- **Task goal**: When you reach the line with "表款清爽俐落的面盘佈局乍看可" in the data below, begin printing lines exactly, and stop once the line with "Contains: 25 x" has been printed.

- **Given records**:
+===+

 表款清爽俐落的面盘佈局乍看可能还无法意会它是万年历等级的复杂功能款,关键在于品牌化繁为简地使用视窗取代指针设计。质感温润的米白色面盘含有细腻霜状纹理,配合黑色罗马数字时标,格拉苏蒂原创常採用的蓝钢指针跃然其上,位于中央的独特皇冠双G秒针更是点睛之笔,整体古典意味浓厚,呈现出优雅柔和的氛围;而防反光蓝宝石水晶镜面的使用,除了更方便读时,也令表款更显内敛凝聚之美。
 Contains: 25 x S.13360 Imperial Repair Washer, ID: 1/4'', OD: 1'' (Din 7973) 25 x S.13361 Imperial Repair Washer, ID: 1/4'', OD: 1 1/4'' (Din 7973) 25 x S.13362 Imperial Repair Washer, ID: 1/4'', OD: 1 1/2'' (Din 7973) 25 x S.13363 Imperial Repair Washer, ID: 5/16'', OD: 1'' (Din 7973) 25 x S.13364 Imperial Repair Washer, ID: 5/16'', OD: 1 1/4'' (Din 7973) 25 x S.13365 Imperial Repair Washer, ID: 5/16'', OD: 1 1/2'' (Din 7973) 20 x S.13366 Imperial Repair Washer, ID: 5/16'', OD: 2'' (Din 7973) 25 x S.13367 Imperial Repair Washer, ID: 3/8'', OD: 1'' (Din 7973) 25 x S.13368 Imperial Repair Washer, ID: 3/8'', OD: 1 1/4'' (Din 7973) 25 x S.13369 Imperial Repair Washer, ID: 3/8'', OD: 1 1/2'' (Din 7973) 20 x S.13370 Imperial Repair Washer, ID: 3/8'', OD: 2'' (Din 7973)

+===+

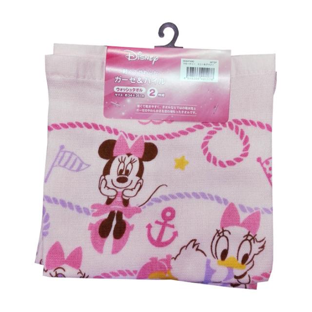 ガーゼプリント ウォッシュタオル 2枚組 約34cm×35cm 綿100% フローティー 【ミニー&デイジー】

+===+

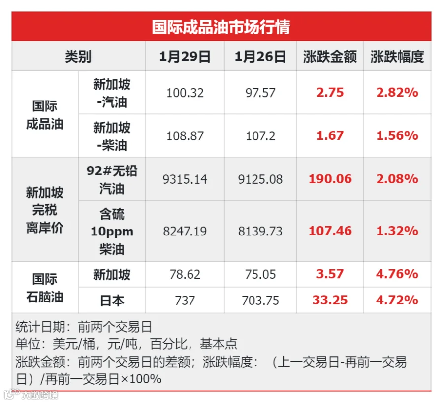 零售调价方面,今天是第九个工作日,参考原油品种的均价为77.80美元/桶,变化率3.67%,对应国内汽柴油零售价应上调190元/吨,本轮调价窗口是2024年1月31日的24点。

+===+

- **Answer space**:
 表款清爽俐落的面盘佈局乍看可能还无法意会它是万年历等级的复杂功能款,关键在于品牌化繁为简地使用视窗取代指针设计。质感温润的米白色面盘含有细腻霜状纹理,配合黑色罗马数字时标,格拉苏蒂原创常採用的蓝钢指针跃然其上,位于中央的独特皇冠双G秒针更是点睛之笔,整体古典意味浓厚,呈现出优雅柔和的氛围;而防反光蓝宝石水晶镜面的使用,除了更方便读时,也令表款更显内敛凝聚之美。
 Contains: 25 x S.13360 Imperial Repair Washer, ID: 1/4'', OD: 1'' (Din 7973) 25 x S.13361 Imperial Repair Washer, ID: 1/4'', OD: 1 1/4'' (Din 7973) 25 x S.13362 Imperial Repair Washer, ID: 1/4'', OD: 1 1/2'' (Din 7973) 25 x S.13363 Imperial Repair Washer, ID: 5/16'', OD: 1'' (Din 7973) 25 x S.13364 Imperial Repair Washer, ID: 5/16'', OD: 1 1/4'' (Din 7973) 25 x S.13365 Imperial Repair Washer, ID: 5/16'', OD: 1 1/2'' (Din 7973) 20 x S.13366 Imperial Repair Washer, ID: 5/16'', OD: 2'' (Din 7973) 25 x S.13367 Imperial Repair Washer, ID: 3/8'', OD: 1'' (Din 7973) 25 x S.13368 Imperial Repair Washer, ID: 3/8'', OD: 1 1/4'' (Din 7973) 25 x S.13369 Imperial Repair Washer, ID: 3/8'', OD: 1 1/2'' (Din 7973) 20 x S.13370 Imperial Repair Washer, ID: 3/8'', OD: 2'' (Din 7973)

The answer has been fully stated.